### What you are asked to do
All of the listing should be returned as written, apart from any picture in it.

### Records supplied
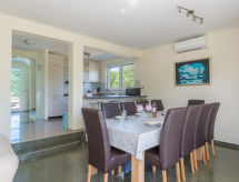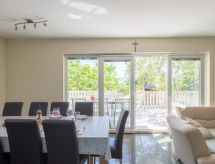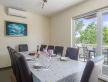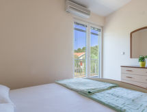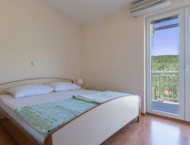 Huis 5-kamers 180 m2 op 2 verdiepingen. Woon-/eetkamer met Sat-TV en air-conditioning. Uitgang naar het terras. 1 kamer met 1 2-pers bed (160 cm, lengte 200 cm). Open keuken (4-pits kookplaat, oven, afwasmachine, diepvriezer). Douche/WC. Bovenverdieping: 1 kamer met 1 2-pers bed (180 cm, lengte 200 cm). Uitgang naar het balkon. 1 kamer met 1 2-pers bed (180 cm, lengte 200 cm). Uitgang naar het balkon. 1 kinderkamer met 2 x 2 stapelbedden (90 cm, lengte 200 cm). Uitgang naar het balkon. Bad/bidet/WC, dubbele wastafels. 2 balkons, terras 30 m2 gedeeltelijk overdekt. Terrasmeubelen. Uitzicht op zee. Ter beschikking: Internet (Internet (WiFi), gratis).- Activiteiten in de buurt
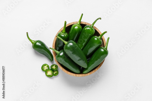 Fototapeta premium Wooden bowl with green jalapeno peppers on white background
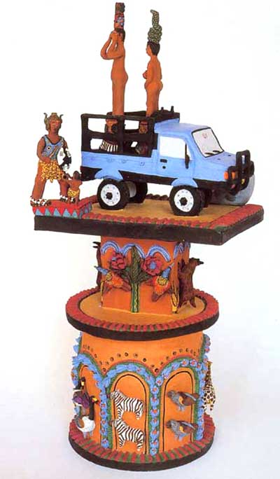 One of the brightest stars of the Ardmore Ceramic Centre in KwaZulu Natal, Bonnie Ntshalintshali, died last week at the age of 32, a victim of AIDS. Exhibiting on the prestigious Aperto section in the Corderie dell'Arsenale at the Venice Biennale in 1993 and on the 1st Johannesburg Biennale in 1995, Ntshalintshali's skill lay in building marvellously rich, complex ceramic pieces which combined witty elements of daily life with biblical stories and images refelecting Zulu traditions and culture. She was born at Ardmore in 1967 and after a mission school education, started in 1985 to work as studio assistant to ceramacist Fee Halsted-Berning. The talent which was to bring her international fame flowered quickly. In 1990, the heights reached by mentor and student were recognised when the two were named joint winners of the Standard Bank Young Artist Award, entailing a touring exhibition which opened at the National Festival of the Arts in Grahamstown. Ntshalintshali constructed her pieces by coiling the clay, or building from solid forms, stacking element upon element, then firing at 1200 degrees, before decorating in intricate colourations. Most recently, her work was part of a show of ceramics called 'Down to Earth/Okuvela Emhlabeni' curated by Peter Visser which opened at the LongHouse Reserve venue in East Hampton, New York in August 1998. The show continued to Santa Fe, New Mexico, where one imagines local artists must have been struck by the affinities between Ntshalintshali's elaborate and multi-faceted pieces with similarly complex and colourful ceramic art found in Mexico. Her work is in the collections of the SA National Gallery, the Durban Art Gallery, the Tatham Gallery in Pietermaritzburg, the Johannesburg Art Gallery, and UNISA, Pretoria.
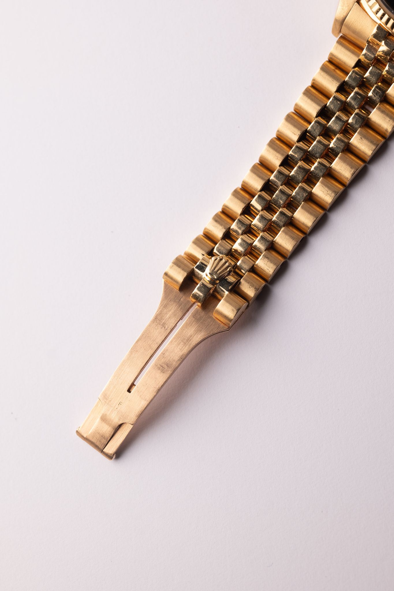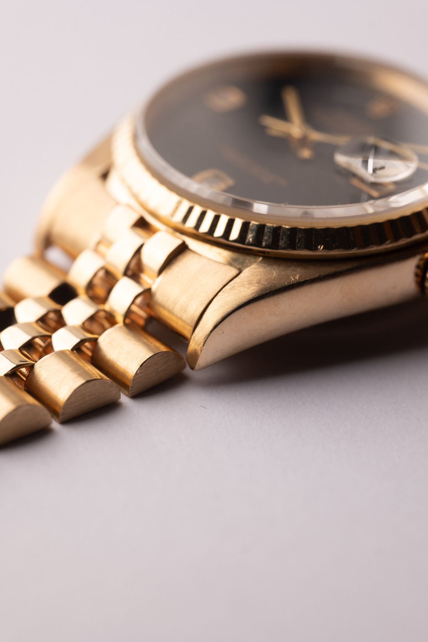 The 16018 Onyx dial datejust on jubilee is in excellent condition. The 6/9 indices are adorned with single diamonds and add a pop to an otherwise deep black dial. The case is excellent and has been lightly polished in the past. The dial is free of defects or blemishes.
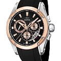 Мужские швейцарские часы-хронографХронографФункция позволяет измерять отрезки времени с особой точностью: часы, минуты, секунды. Верным признаком хронографа является наличие на циферблате 3 дополнительных окошек-счётчиков. Jaguar Special Edition J689/1. Кварцевый швейцарский калибр Ronda 5030.D. Сапфировое стеклоСапфировое стеклоПрочный и надёжный материал из кристалла сапфира синтетического происхождения, характеризующийся особой твёрдостью и устойчивостью к царапинам и повреждениям. устойчивое к мелким механическим повреждениям. Корпус часов изготовлен из нержавеющей стали. Стрелки и метки с люминесцентным покрытиемЛюминесцентное покрытиеПозволяет считывать показания времени в темноте. Производители наносят на стрелки, часовые индексы, безель или поверхность циферблата светонакопительный состав, дающий холодное свечение.. Окошко даты находится в положении между «3» и «6 часами». Класс водозащиты: 100 метров, позволит плавать, нырять и заниматься другими водными видами спорта. Силиконовый ремешок на стандартной застёжке. БезельБезельВнешний ободок, закрепляющий стекло. В спортивных часах так называется поворотное кольцо с делениями на циферблате, выполняет роль таймера – замеряет отрезки времени на шкале. Неподвижный безель – элемент декора. Однонаправленно вращающийся безель на дайверских часах позволяет фиксировать моменты погружения и выныривания на поверхность. с PVD-покрытиемPVDУльтратонкое покрытие наносится в технике вакуумного напыления, сочетает в себе нитрид титана особой прочности со слоем золота или оксида хрома. Несёт в себе декоративную или защитную функцию..
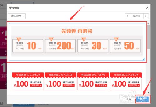 在投放设置页面首先选择模板,点击【更换模板】按钮,打开【更换模板】窗口后,通过窗口上面的分类和页面选项,选择合适自己店铺的优惠券模板,勾选模板后,点击页面右下角的【确定按钮】。
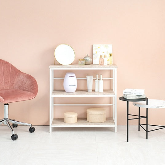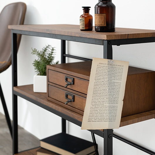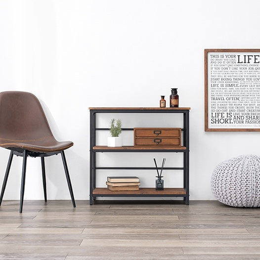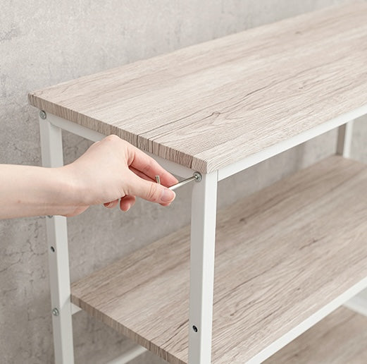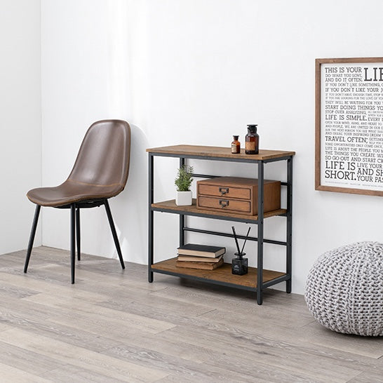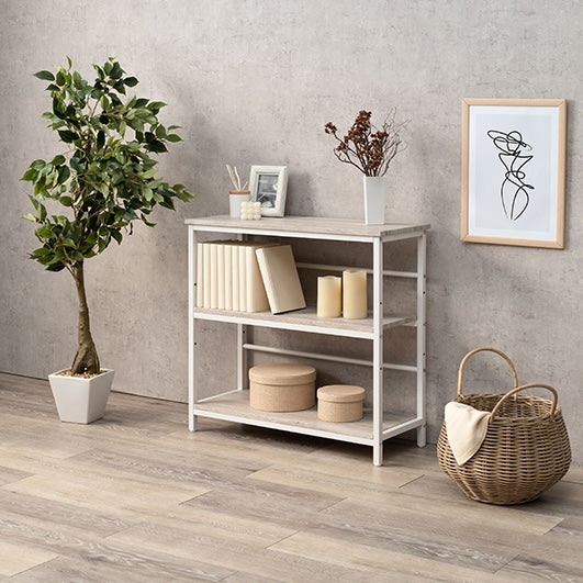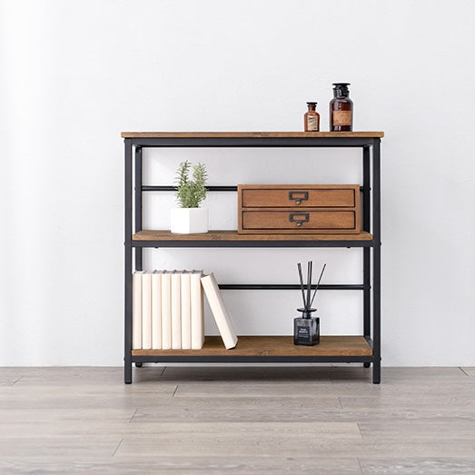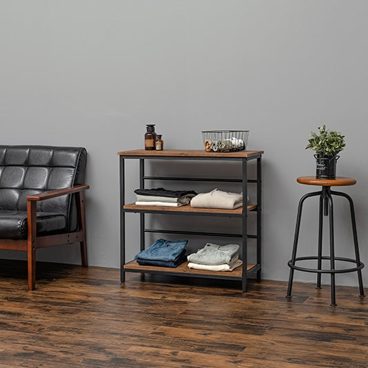アイアンフレームと木目調の棚板を組み合わせた、シンプルなオープンラックです。3段構造で、リビング・ダイニング・書斎・寝室など、置く場所を選ばず使いやすいサイズ感。抜け感のあるデザインなので、圧迫感を抑えながら収納を増やせます。
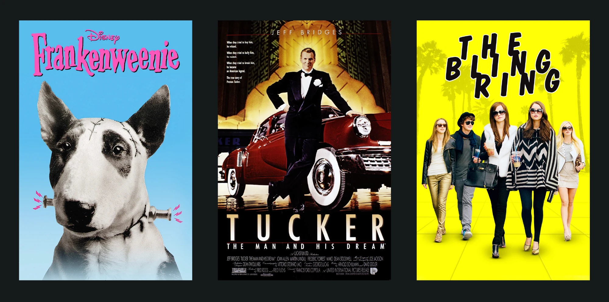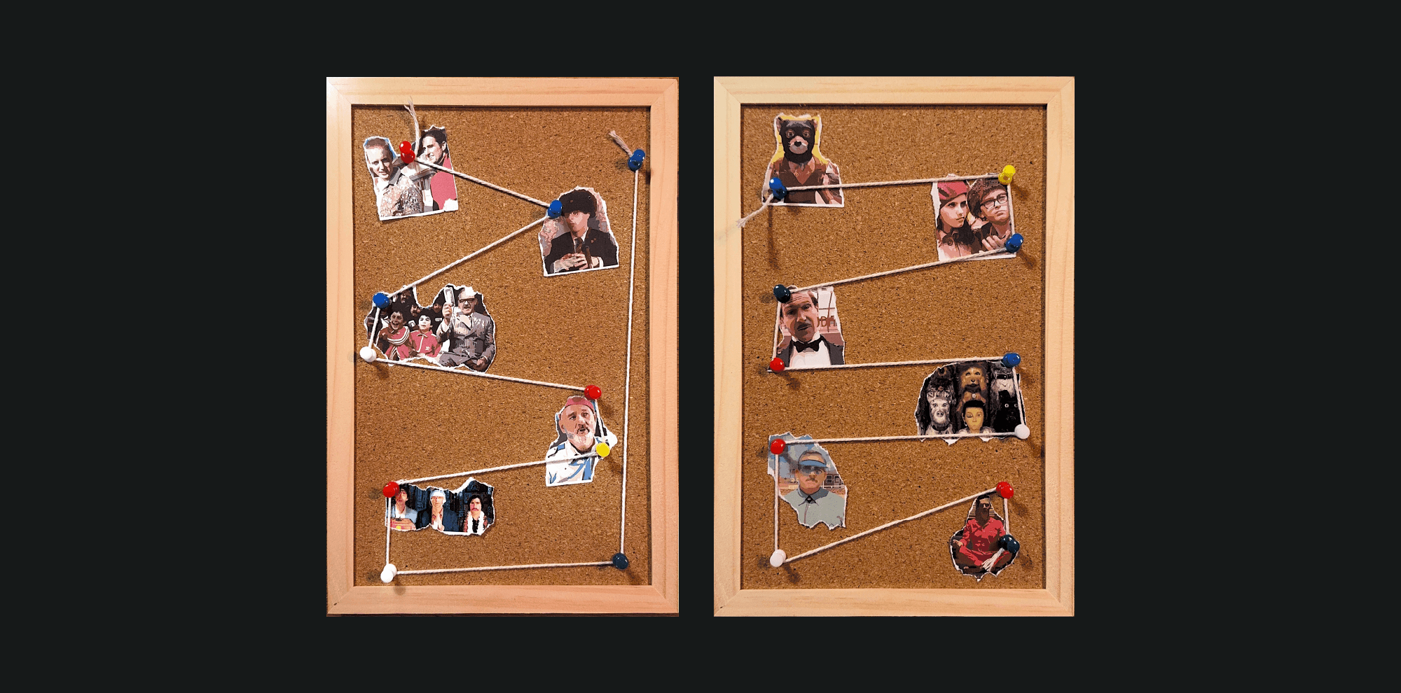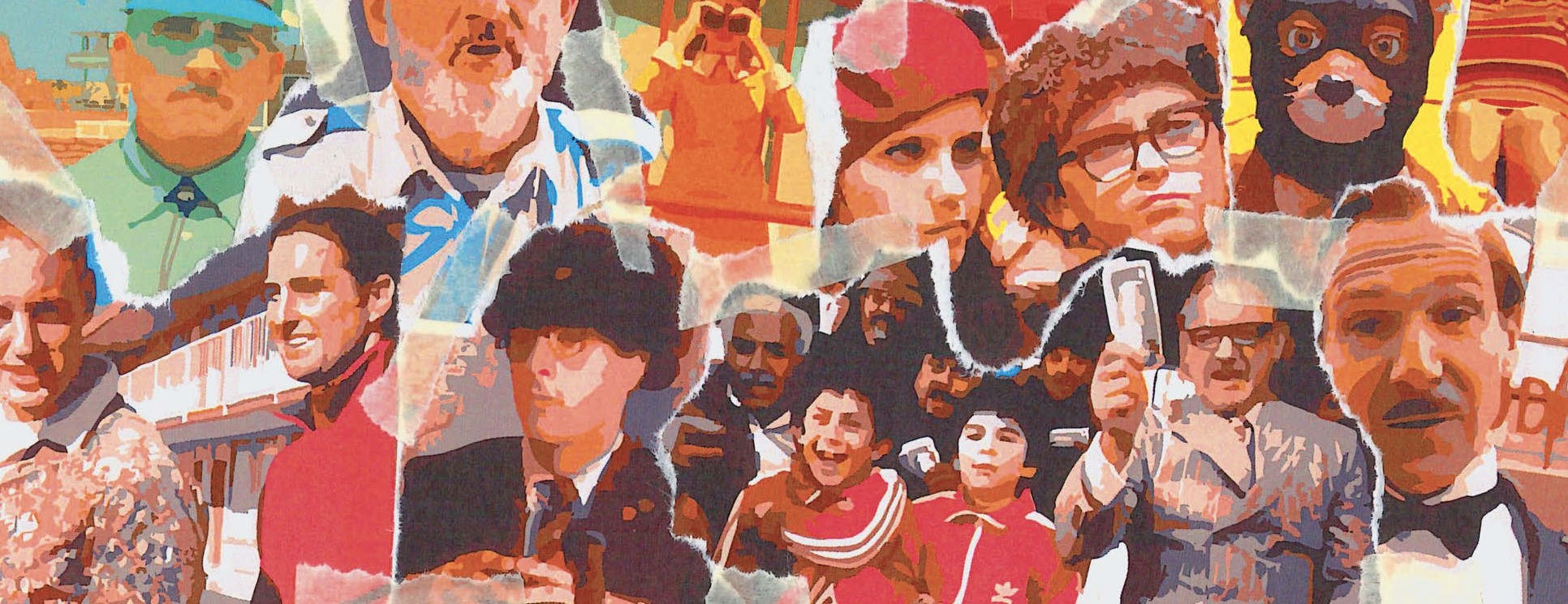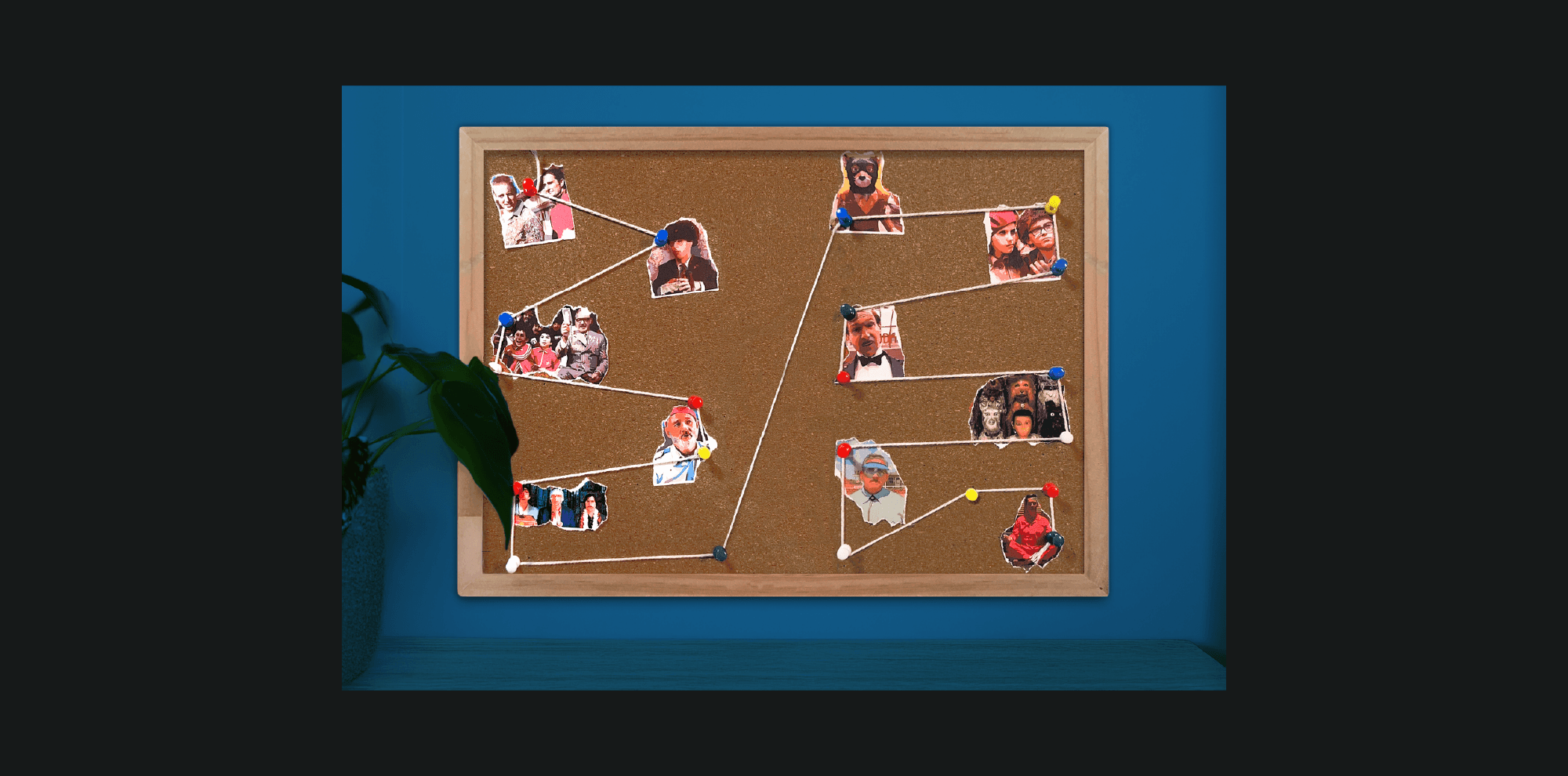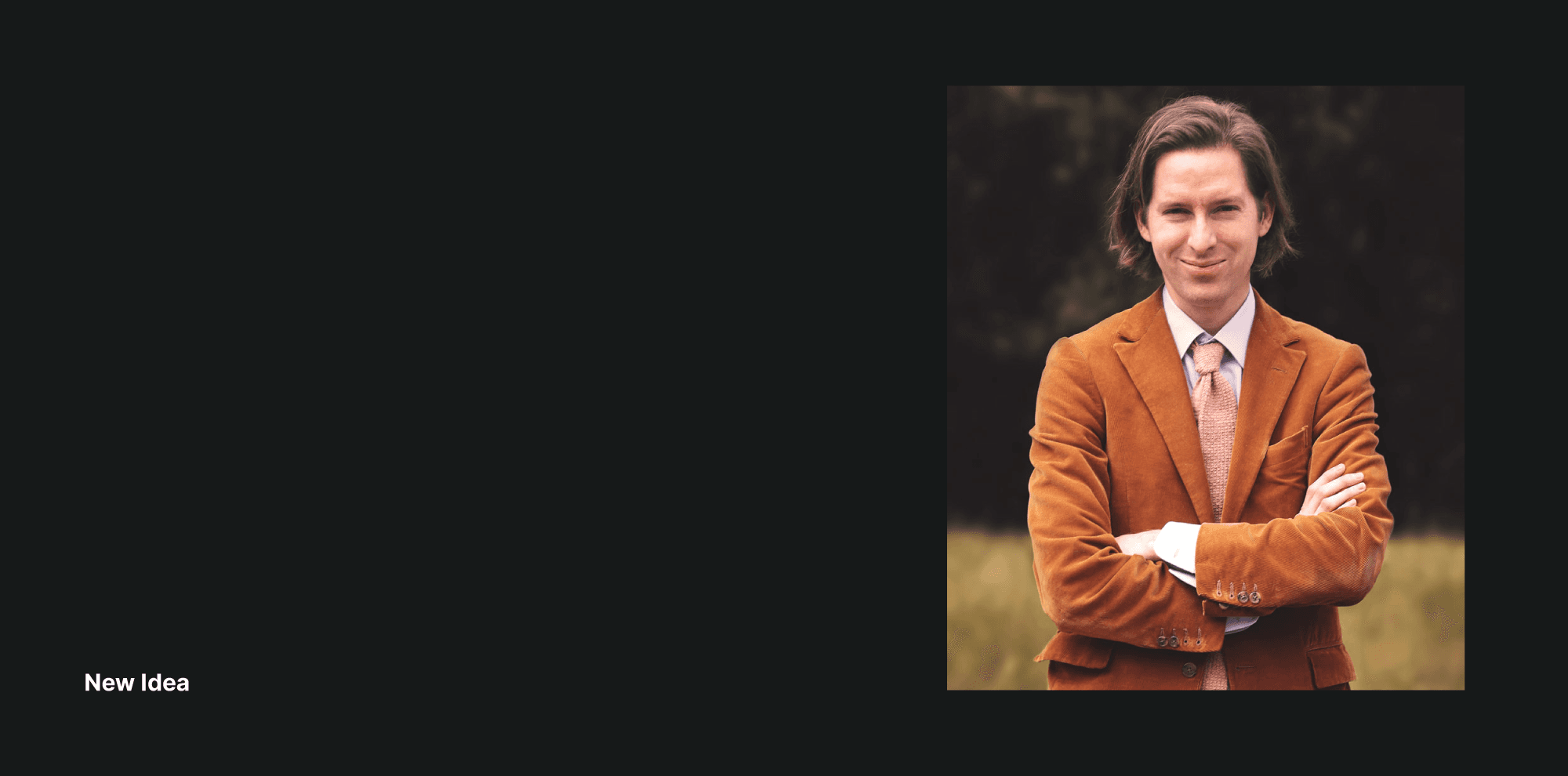 Using the established split-type design, I created filled the top and bottom quarters with the relevant information. Then for the images, which would sit central to the composition, I attempted to find an ensemble of Wes' movie characters and a new image of Wes that didn't directly show his face. I settled on a picture of Wes facing the camera but this broke the rule. I used generative AI to recreate the image as if it was taken from behind and this worked perfectly. After some refinement, I had my image. For the character ensemble, there was no images of all of them together. Only ensembles of particular movies, and not all of them.

### Your response
 Huis 5-kamers 180 m2 op 2 verdiepingen. Woon-/eetkamer met Sat-TV en air-conditioning. Uitgang naar het terras. 1 kamer met 1 2-pers bed (160 cm, lengte 200 cm). Open keuken (4-pits kookplaat, oven, afwasmachine, diepvriezer). Douche/WC. Bovenverdieping: 1 kamer met 1 2-pers bed (180 cm, lengte 200 cm). Uitgang naar het balkon. 1 kamer met 1 2-pers bed (180 cm, lengte 200 cm). Uitgang naar het balkon. 1 kinderkamer met 2 x 2 stapelbedden (90 cm, lengte 200 cm). Uitgang naar het balkon. Bad/bidet/WC, dubbele wastafels. 2 balkons, terras 30 m2 gedeeltelijk overdekt. Terrasmeubelen. Uitzicht op zee. Ter beschikking: Internet (Internet (WiFi), gratis).- Activiteiten in de buurt
 Fototapeta premium Wooden bowl with green jalapeno peppers on white background
 One of the brightest stars of the Ardmore Ceramic Centre in KwaZulu Natal, Bonnie Ntshalintshali, died last week at the age of 32, a victim of AIDS. Exhibiting on the prestigious Aperto section in the Corderie dell'Arsenale at the Venice Biennale in 1993 and on the 1st Johannesburg Biennale in 1995, Ntshalintshali's skill lay in building marvellously rich, complex ceramic pieces which combined witty elements of daily life with biblical stories and images refelecting Zulu traditions and culture. She was born at Ardmore in 1967 and after a mission school education, started in 1985 to work as studio assistant to ceramacist Fee Halsted-Berning. The talent which was to bring her international fame flowered quickly. In 1990, the heights reached by mentor and student were recognised when the two were named joint winners of the Standard Bank Young Artist Award, entailing a touring exhibition which opened at the National Festival of the Arts in Grahamstown. Ntshalintshali constructed her pieces by coiling the clay, or building from solid forms, stacking element upon element, then firing at 1200 degrees, before decorating in intricate colourations. Most recently, her work was part of a show of ceramics called 'Down to Earth/Okuvela Emhlabeni' curated by Peter Visser which opened at the LongHouse Reserve venue in East Hampton, New York in August 1998. The show continued to Santa Fe, New Mexico, where one imagines local artists must have been struck by the affinities between Ntshalintshali's elaborate and multi-faceted pieces with similarly complex and colourful ceramic art found in Mexico. Her work is in the collections of the SA National Gallery, the Durban Art Gallery, the Tatham Gallery in Pietermaritzburg, the Johannesburg Art Gallery, and UNISA, Pretoria.
 The 16018 Onyx dial datejust on jubilee is in excellent condition. The 6/9 indices are adorned with single diamonds and add a pop to an otherwise deep black dial. The case is excellent and has been lightly polished in the past. The dial is free of defects or blemishes.
 Мужские швейцарские часы-хронографХронографФункция позволяет измерять отрезки времени с особой точностью: часы, минуты, секунды. Верным признаком хронографа является наличие на циферблате 3 дополнительных окошек-счётчиков. Jaguar Special Edition J689/1. Кварцевый швейцарский калибр Ronda 5030.D. Сапфировое стеклоСапфировое стеклоПрочный и надёжный материал из кристалла сапфира синтетического происхождения, характеризующийся особой твёрдостью и устойчивостью к царапинам и повреждениям. устойчивое к мелким механическим повреждениям. Корпус часов изготовлен из нержавеющей стали. Стрелки и метки с люминесцентным покрытиемЛюминесцентное покрытиеПозволяет считывать показания времени в темноте. Производители наносят на стрелки, часовые индексы, безель или поверхность циферблата светонакопительный состав, дающий холодное свечение.. Окошко даты находится в положении между «3» и «6 часами». Класс водозащиты: 100 метров, позволит плавать, нырять и заниматься другими водными видами спорта. Силиконовый ремешок на стандартной застёжке. БезельБезельВнешний ободок, закрепляющий стекло. В спортивных часах так называется поворотное кольцо с делениями на циферблате, выполняет роль таймера – замеряет отрезки времени на шкале. Неподвижный безель – элемент декора. Однонаправленно вращающийся безель на дайверских часах позволяет фиксировать моменты погружения и выныривания на поверхность. с PVD-покрытиемPVDУльтратонкое покрытие наносится в технике вакуумного напыления, сочетает в себе нитрид титана особой прочности со слоем золота или оксида хрома. Несёт в себе декоративную или защитную функцию..
 在投放设置页面首先选择模板,点击【更换模板】按钮,打开【更换模板】窗口后,通过窗口上面的分类和页面选项,选择合适自己店铺的优惠券模板,勾选模板后,点击页面右下角的【确定按钮】。
アイアンフレームと木目調の棚板を組み合わせた、シンプルなオープンラックです。3段構造で、リビング・ダイニング・書斎・寝室など、置く場所を選ばず使いやすいサイズ感。抜け感のあるデザインなので、圧迫感を抑えながら収納を増やせます。
 Using the established split-type design, I created filled the top and bottom quarters with the relevant information. Then for the images, which would sit central to the composition, I attempted to find an ensemble of Wes' movie characters and a new image of Wes that didn't directly show his face. I settled on a picture of Wes facing the camera but this broke the rule. I used generative AI to recreate the image as if it was taken from behind and this worked perfectly. After some refinement, I had my image. For the character ensemble, there was no images of all of them together. Only ensembles of particular movies, and not all of them.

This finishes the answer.